Pubdate: Fri, 1 Aug 2008
Source: Press, The (New Zealand)
Copyright: 2008 The Christchurch Press Company Ltd.
Contact:  http://www.press.co.nz/
Details: http://www.mapinc.org/media/349
Author: Kerry Williamson
Bookmark: http://www.mapinc.org/topic/BZP

DRUG BAN WILL FUEL GANG BLACK MARKET - WARNING

The banning of BZP party pills was "a sham" based on unreliable
research and will feed a black market headed by drug-running gangs, a
criminal law professor says.

In an article in the New Zealand Law Journal - titled The Great BZP
Hoax - Otago University professor Kevin Dawkins accuses the Government
of rushing through legislation to ban BZP, ignoring regulatory
measures that could have curbed rampant use of the drug.

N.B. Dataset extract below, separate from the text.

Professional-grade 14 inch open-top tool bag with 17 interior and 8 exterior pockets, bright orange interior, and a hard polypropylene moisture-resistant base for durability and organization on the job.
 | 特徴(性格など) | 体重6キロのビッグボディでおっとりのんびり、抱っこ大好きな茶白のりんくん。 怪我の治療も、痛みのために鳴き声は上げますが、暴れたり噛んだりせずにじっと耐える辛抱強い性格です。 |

He calls the Misuse of Drugs (Classification of BZP) Amendment Act,
passed on April 1, "legislative folly" and writes that the BZP ban
will push the drug underground and expose users to other drugs such as
P and ecstasy.

"Since prohibition cannot repeal the law of supply and demand, those
who prefer to continue using BZP will be forced into the black market
and the arms of the gangs," he says.

Associate Health Minister Jim Anderton - who dismissed Professor
Dawkins' article as "careless" - pushed through the BZP ban after a
recommendation from an expert advisory committee on drugs. The
research showed the pills caused migraines, hallucinations, vomiting,
confusion, seizures and insomnia.

The ban came after regulatory measures were considered, including
restrictions on dosages, labelling, points of sale, and
advertising.

Professor Dawkins said those regulations were simply "a stalking
horse" for prohibition.

"Not to have implemented the regulatory regime for BZP is a gross
deception in itself," he writes in the Law Journal. "But to have
jettisoned regulation in favour of prohibition aggravates the hoax."

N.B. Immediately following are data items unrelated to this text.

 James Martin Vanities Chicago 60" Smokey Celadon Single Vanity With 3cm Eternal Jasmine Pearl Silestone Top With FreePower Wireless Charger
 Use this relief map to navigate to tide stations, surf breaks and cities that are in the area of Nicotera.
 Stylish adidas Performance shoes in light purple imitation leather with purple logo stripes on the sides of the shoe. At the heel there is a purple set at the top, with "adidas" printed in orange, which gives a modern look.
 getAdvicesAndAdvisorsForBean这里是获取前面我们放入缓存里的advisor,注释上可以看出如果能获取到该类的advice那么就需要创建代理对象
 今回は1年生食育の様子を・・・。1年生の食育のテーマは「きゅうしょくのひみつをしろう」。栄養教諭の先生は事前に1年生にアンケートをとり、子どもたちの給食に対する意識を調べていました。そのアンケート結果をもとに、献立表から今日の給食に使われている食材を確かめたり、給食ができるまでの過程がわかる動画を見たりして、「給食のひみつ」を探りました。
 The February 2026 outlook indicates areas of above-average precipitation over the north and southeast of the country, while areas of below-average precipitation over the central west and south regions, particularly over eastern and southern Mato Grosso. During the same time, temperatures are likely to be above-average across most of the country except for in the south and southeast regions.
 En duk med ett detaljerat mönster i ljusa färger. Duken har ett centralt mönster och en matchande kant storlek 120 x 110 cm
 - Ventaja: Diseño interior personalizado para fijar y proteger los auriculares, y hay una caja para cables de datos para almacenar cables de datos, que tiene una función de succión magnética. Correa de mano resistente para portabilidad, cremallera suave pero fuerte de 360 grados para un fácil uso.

He attacks the research used to support the ban, saying it was based
on "unpublished, unreplicated and unreliable research, potentially
compromised by conflicts of interest".

Mr Anderton said the BZP ban was implemented after "carefully weighing
all the evidence I could".

He said Professsor Dawkins had a "long record" of advocating drug law
liberalisation.

"The evidence told me very clearly that the drug had enough potential
to cause harm that it could be banned," he said.

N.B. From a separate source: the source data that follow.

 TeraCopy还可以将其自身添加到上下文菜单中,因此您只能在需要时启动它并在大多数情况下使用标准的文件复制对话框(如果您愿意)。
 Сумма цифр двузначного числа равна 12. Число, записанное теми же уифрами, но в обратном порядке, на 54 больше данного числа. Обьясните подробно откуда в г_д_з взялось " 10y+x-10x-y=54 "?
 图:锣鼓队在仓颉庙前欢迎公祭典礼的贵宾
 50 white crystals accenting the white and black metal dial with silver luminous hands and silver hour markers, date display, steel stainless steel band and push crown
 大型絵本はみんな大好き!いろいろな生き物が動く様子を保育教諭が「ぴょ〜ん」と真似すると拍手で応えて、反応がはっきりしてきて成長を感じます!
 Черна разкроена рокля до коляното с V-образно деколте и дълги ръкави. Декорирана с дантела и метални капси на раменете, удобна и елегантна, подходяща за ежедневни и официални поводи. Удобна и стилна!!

Mr Anderton said there was little evidence that banning BZP had turned
users toward harder drugs.

Drug Foundation executive director Ross Bell said he had questions
about "the quality of some of the research" used to support a ban but
that Mr Anderton "played a pretty straight bat" over party pills.

"I think [Professor Dawkins] is trying to find a conspiracy where
there isn't one. I agree with him that there were a number of
regulations put in place and they weren't enforced, and I think that's
a real shame. But I disagree with his conclusion that there was a
direct attempt by the minister to get his way."